Health and Wellness

Health and welfare trusts

In 2003, more than $121 billion was spent for health care in Canada, with 70% of these costs paid for by the publicly funded system. Corporate Canada and individuals picked up the remaining 30%, according to the Canadian Institute for Health Information and Statistics Canada. Health care cost and demand will only keep growing as baby boomers start to retire en masse.

With these new pressures we face in the 21st century, our society is being called upon to find new ways to deliver and pay for the health care Canadians want and need. Canadians and doctors alike have a desire to promote wellness and healthy lifestyles. However, these comprehensive services are often not covered by provincial health care plans. In the past, individuals seeking wellness and cosmetic solutions have had to pay for most of these services out-of-pocket with their after-tax dollars.

But there is a solution for executives, business owners, self-employed individuals and their employees: create a health and welfare trust. Health and welfare trusts are sanctioned by the Canada Revenue Agency (CRA) as tax-avoidance structures. Here a business establishes a trust to pay for the trust member’s (and family’s) health care costs. Funds placed in the trust by a business are 100% tax-deductible in the year they are contributed – even if the money is not spent in that year. Benefits are non-taxable for the individuals who receive them.

Dr. Rajiv Arya is a dentist practising one day a week and a partner at Arya & Sher Barristers & Solicitors in Toronto. He has been helping both doctors and dentists to incorporate their practices. Dr. Arya says “a necessary precursor for doctors to effectively take advantage of tax-saving strategies that have been available to incorporated business owners for years such as… health and welfare trusts, individual pension plans and retirement compensation arrangements, is to turn their traditional medical and dental practices into private corporations.”

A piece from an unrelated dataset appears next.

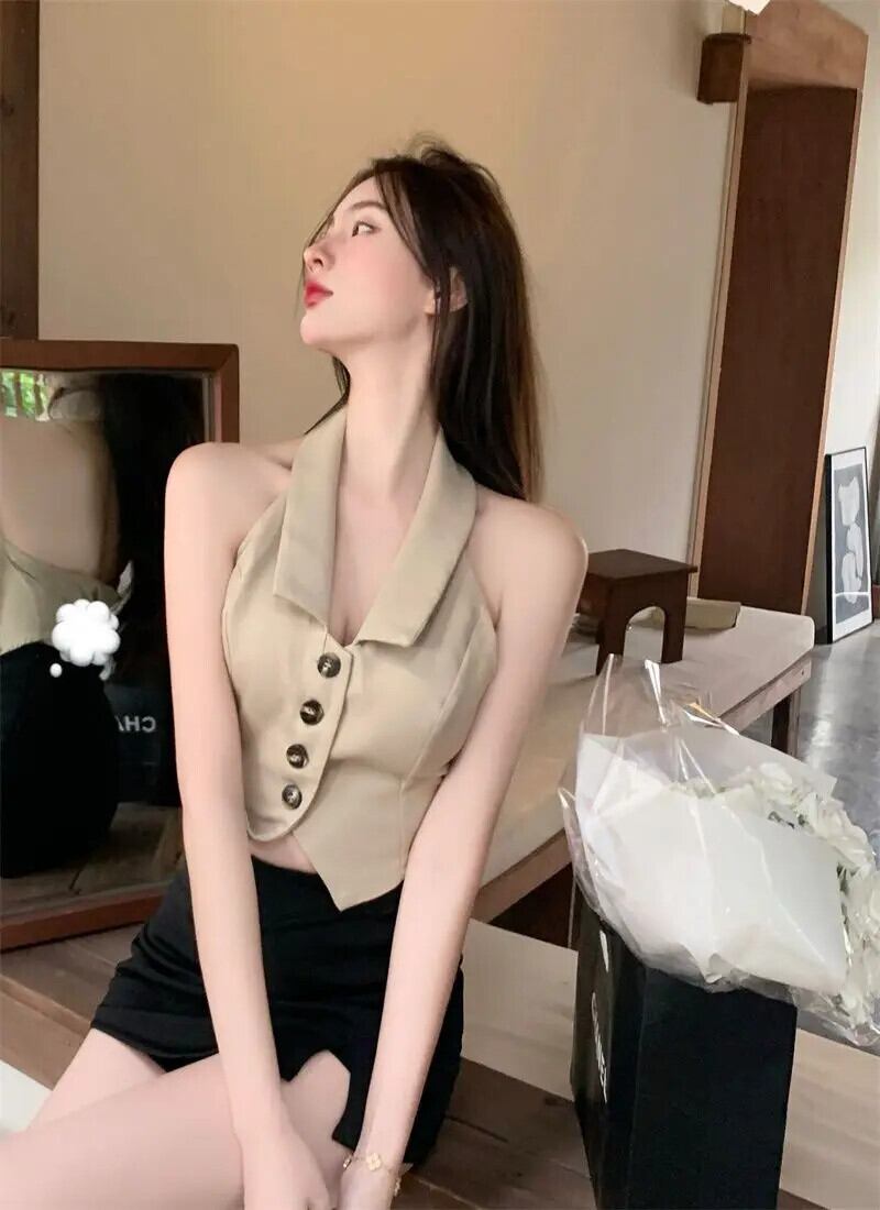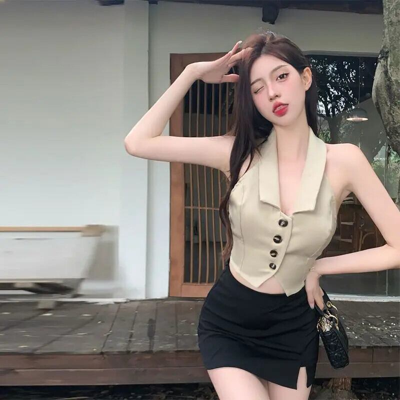 純粋セクシーホットガールスーツ夏ネックホルタースリムタンクトップウエストミニスカートツーピースセット サマー 夏物

All traditional health care costs, like dental, prescription drugs and vision care are eligible benefits for health and welfare trusts. But a trust can also cover the rest of an individual’s costs, such as the following:

  • insurance premiums paid by the executive/employee or the individual’s spouse for private health and dental plans;
  • cosmetic dental and medical treatment; ‘ over-the-counter drugs, provided they are prescribed by a physician;
  • drugs for conditions sometimes excluded under conventional plans;
  • facilities and services – special school, alcohol/drug addiction, nursing home care, institution for mental or physical handicap, licensed private hospital, semi-private or private charges in a hospital, care of a person who has been certified as mentally incompetent, care of a blind person, and full-time attendants in a nursing home;
  • laser eye surgery;
  • professional services of a dietician, acupuncturist, psychologist or nutritionist;
  • dental care (preventive/restorative/orthodontic); and,
  • medical equipment and devices.

Dr. Bernd Neu, a plastic surgeon in Toronto, says many patients ask if they can write off their procedures at the initial consultation. Health and welfare trusts can help some inidividuals do this.

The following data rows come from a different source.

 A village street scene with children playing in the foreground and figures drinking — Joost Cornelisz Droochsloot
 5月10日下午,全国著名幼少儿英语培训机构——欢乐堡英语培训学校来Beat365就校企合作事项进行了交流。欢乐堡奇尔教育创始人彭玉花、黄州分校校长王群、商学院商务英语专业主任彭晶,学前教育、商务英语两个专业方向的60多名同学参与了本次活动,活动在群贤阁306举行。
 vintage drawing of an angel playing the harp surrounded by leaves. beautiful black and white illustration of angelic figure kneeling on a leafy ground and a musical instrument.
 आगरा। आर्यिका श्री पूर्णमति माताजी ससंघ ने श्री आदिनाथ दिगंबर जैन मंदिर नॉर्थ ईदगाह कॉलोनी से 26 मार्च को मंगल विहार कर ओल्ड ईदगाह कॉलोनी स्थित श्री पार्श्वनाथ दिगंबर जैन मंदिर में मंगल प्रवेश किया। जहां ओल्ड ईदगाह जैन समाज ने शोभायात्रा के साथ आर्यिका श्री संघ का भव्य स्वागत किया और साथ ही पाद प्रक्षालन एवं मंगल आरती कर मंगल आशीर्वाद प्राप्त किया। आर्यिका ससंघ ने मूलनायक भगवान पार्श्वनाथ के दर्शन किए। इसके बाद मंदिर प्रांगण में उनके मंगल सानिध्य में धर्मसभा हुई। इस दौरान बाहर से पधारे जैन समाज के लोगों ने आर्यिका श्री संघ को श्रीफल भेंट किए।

For example, let’s say the average cost for a facelift is $14,000. Two patients decide to have this procedure done. Both patients own businesses and have top personal marginal tax rates of 46% (Ontario). Patient A plans to pay for the entire procedure with her after-tax dollars.

Patient B has set up a health and welfare trust with her company and plans to pay for the entire procedure through the company’s trust. Patient A will have to earn approximately $26,880 of personal income before taxes and $24,916 after she receives her Medical Non-Refundable Tax credit of $1,964 to pay for this cosmetic procedure.

Patient B’s company, through its health and welfare trust, will only pay $15,400 for the same procedure ($14,000 for the procedure plus a $1,400 trust administration fee [10%]). This is a completely tax-deductible expense for the company. The saving Patient B receives for setting up a health and welfare trust is $9,516, enough to pay for a Mediterranean cruise to recuperate.

Medical and dental services that go beyond Medicare are usually paid with after-tax dollars. But business owners, including doctors with incorporated practices, can take advantage of the tax savings a health and welfare trust can provide.